Too many inmates are dying at Delaware County's jail.

Since 2005, at least eight inmates have died at the George W. Hill Correctional Facility in Thornton, the only privately run jail in Pennsylvania. The latest fatality is Kenneth Kallenbach, 39, who died April 24 after contracting pneumonia at the lockup. He had been held there awaiting trial since mid-March.

Last year, a woman died at the jail after being held there for six weeks. She suffered from a thyroid condition; her family said she was not receiving her medication.

In 2005, five inmates died in five months. Two were apparent suicides; one was a heroin overdose.

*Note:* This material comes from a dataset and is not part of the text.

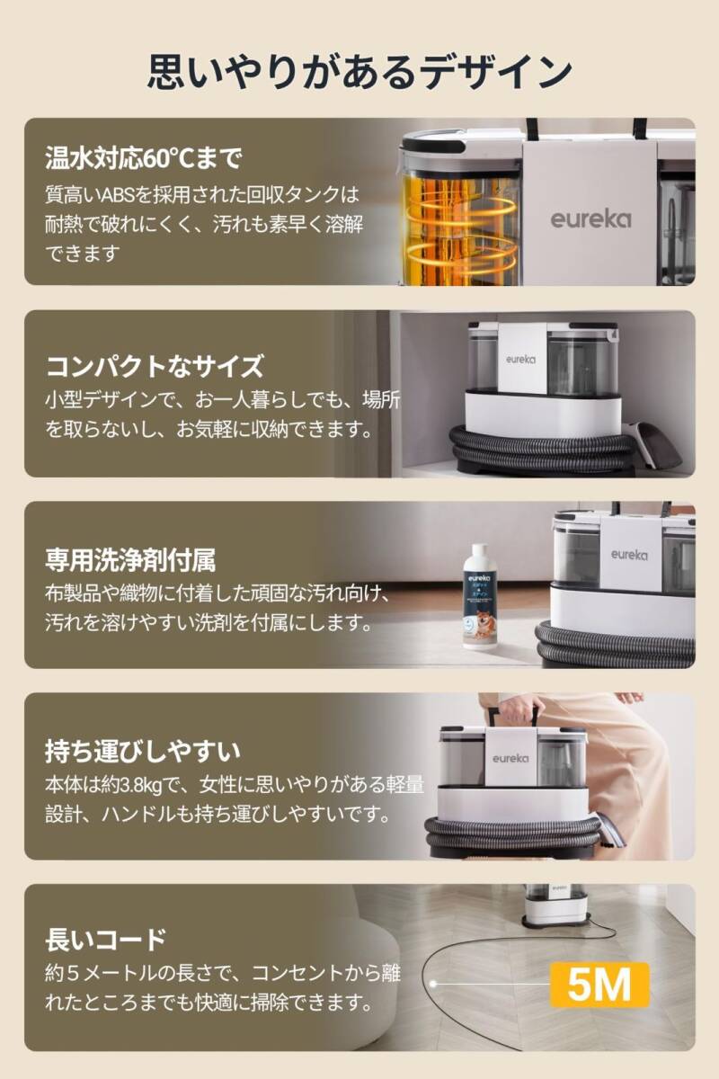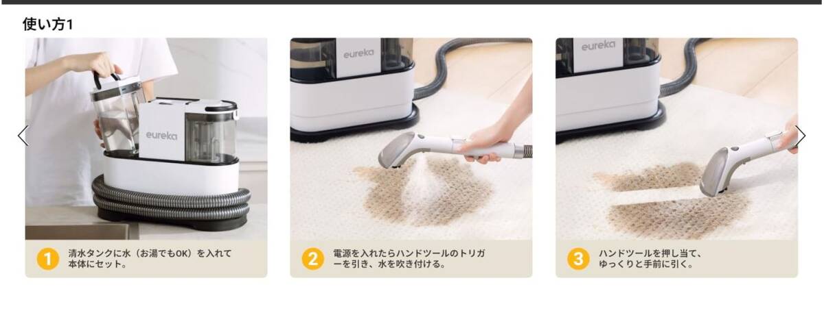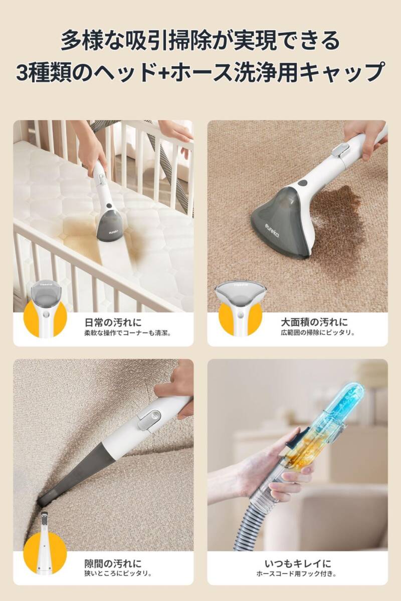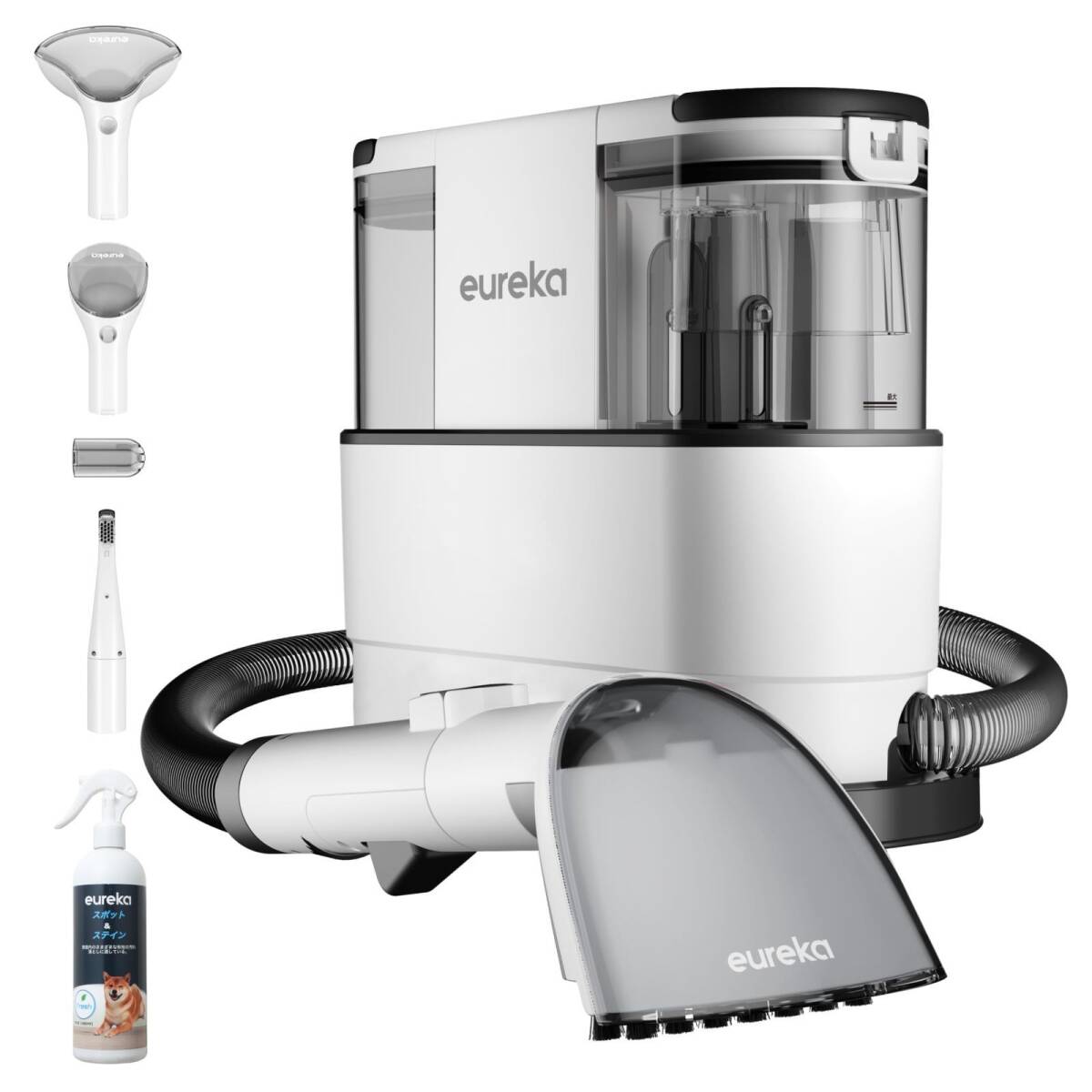 EUREKA カーペットクリーナー NEY100 絨毯洗浄 400W強力吸引 自動洗浄 車 シート 掃除 スチームクリーナー ソファ 車内掃除機 乾湿両用 布洗浄機 お湯対応可能 洗浄剤付属 三つブラシ

GEO Group, which operates the facility, has faced lawsuits over these deaths. It has problems elsewhere. In Texas, where GEO runs more than a dozen prisons, it has come under criticism for alleged mismanagement and foul conditions. One inspector called an adult facility in Texas operated by GEO the worst he'd ever seen.

"They're horrible," said Pennsylvania House Speaker Dennis O'Brien (R., Phila.), who is sponsoring a state prison reform bill. "Absolutely freaking horrible." His political rival, Rep. John Perzel (R., Phila.), has served on GEO's board since 2005.

Eight deaths in little more than three years is alarming in a facility that has a duty to take care of its inmates. Yet there's little outward indication that the county's five-member prison board or GEO are taking significant steps to find out what has gone wrong, or investigate whether policies need to be changed.

It's especially troubling that some of these inmate deaths allegedly involved the lack of proper medical care. Suicides, unfortunately, do occur in prisons, despite corrections' officers best efforts to prevent them. But a for-profit facility, especially, should have high standards of medical treatment.

Delaware County has been paying GEO more than $30 million annually to run its jail. County officials have boasted that they were saving $1 million per year by outsourcing the prison operation. They should be asking whether another outfit could do a better job, or whether this for-profit model is even working.

The jail deaths raise questions about whether the county has enough leverage in its contract with GEO to enforce better accountability. The prison superintendent is allowed to impose fines on GEO for failing to maintain adequate staffing. But judging from the continued problems at the jail, those fines have not been enough.

GEO describes the Delaware County facility as efficient and accredited. OK, but that doesn't account for the deaths of these inmates. GEO and the prison board owe the general public, as well as the inmates' families, an explanation for these failings. They should also explain how they intend to make this facility less deadly.